With this command, we have generated table-dada2.qza and rep-seqs-dada2.qza for creating the taxonomy table and feature table.

Step 4: Generating the Taxonomy Table.

There are two options for generating the taxonomy table:

Train your own feature classifier, or 2. Use a pre-traiend feature classifier provided by QIIME 2.

In this tutorial, we will use the pre-trained classifier “Silva 138 99% OTUs full-length sequences.”

#download classifier
wget -O "silva-138-99-nb-classifier.qza" "https://data.qiime2.org/2020.8/common/silva-138-99-nb-classifier.qza"

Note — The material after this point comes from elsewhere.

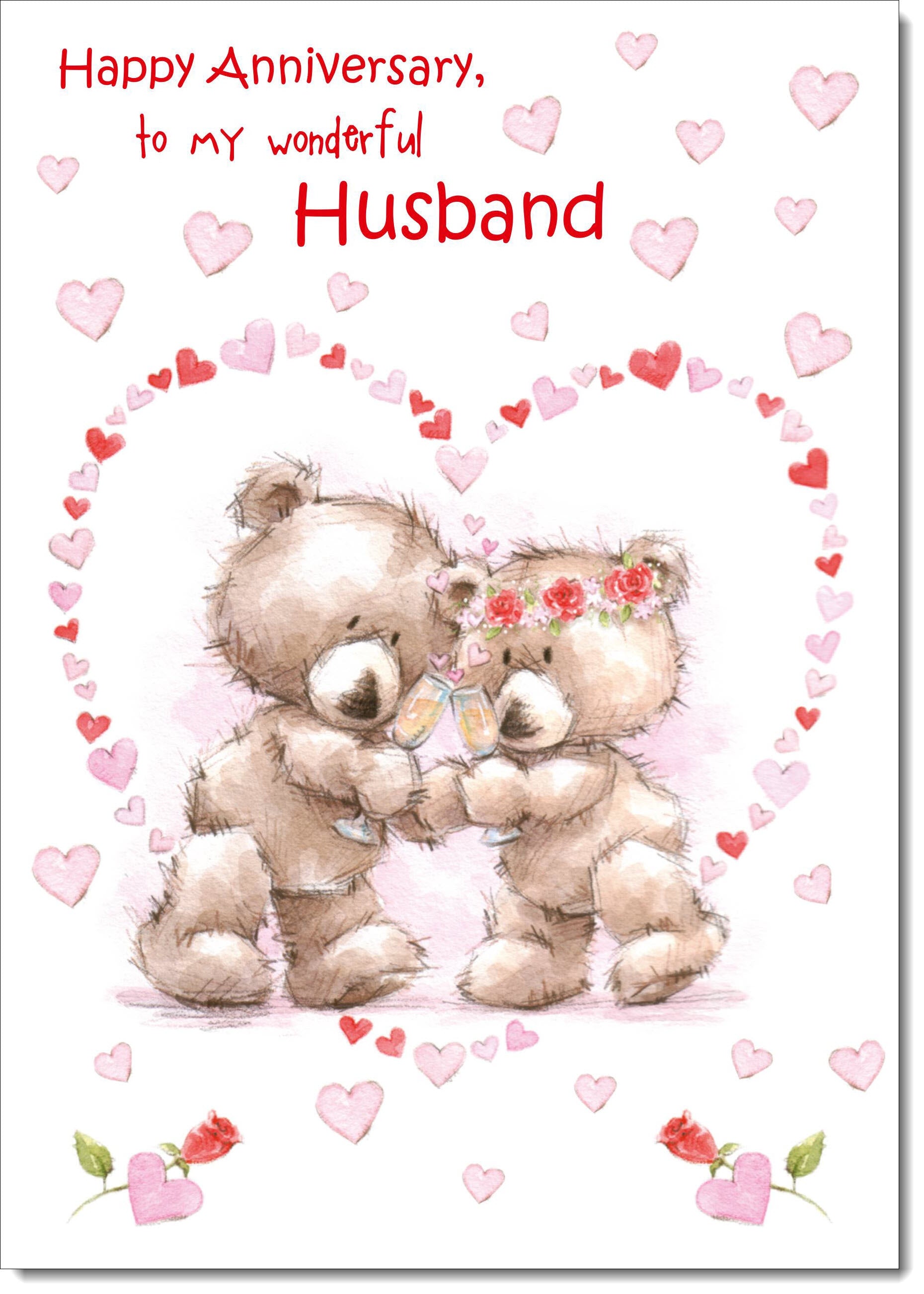 Husband Wedding Anniversary Card Cute Teddy Couple in Love

qiime feature-classifier classify-sklearn \
  --i-classifier silva-138-99-nb-classifier.qza \
  --i-reads rep-seqs-dada2.qza \
  --o-classification taxonomy.qza

#Export taxonomy info in .tsv format
qiime tools export 
  --input-path taxonomy.qza \
  --output-path exported-feature-table

With this, we have generated the taxonomy table in .tsv format.

Step 5: Generating Feature Table for Each Sample.

In this step, we will use table-dada2.qza to generate our feature table.

#Creating a TSV BIOM table
#first, export your data as a .biom
qiime tools export --input-path table-dada2.qza --output-path exported-feature-table


#Covert .biom to .tsv
biom convert -i exported-feature-table/feature-table.biom -o exported-feature-table/feature-table.tsv --to-tsv
biom head -i feature-table.tsv

Step 6: Combining the Feature Table and Taxonomy Table.

At this point, you should have two output files: taxonomy.tsv and feature-table.tsv. These two tables can be combined by using the sequencing id as the key.

You’re all set! You now have everything you need to perform your downstream statistical analysis. Enjoy!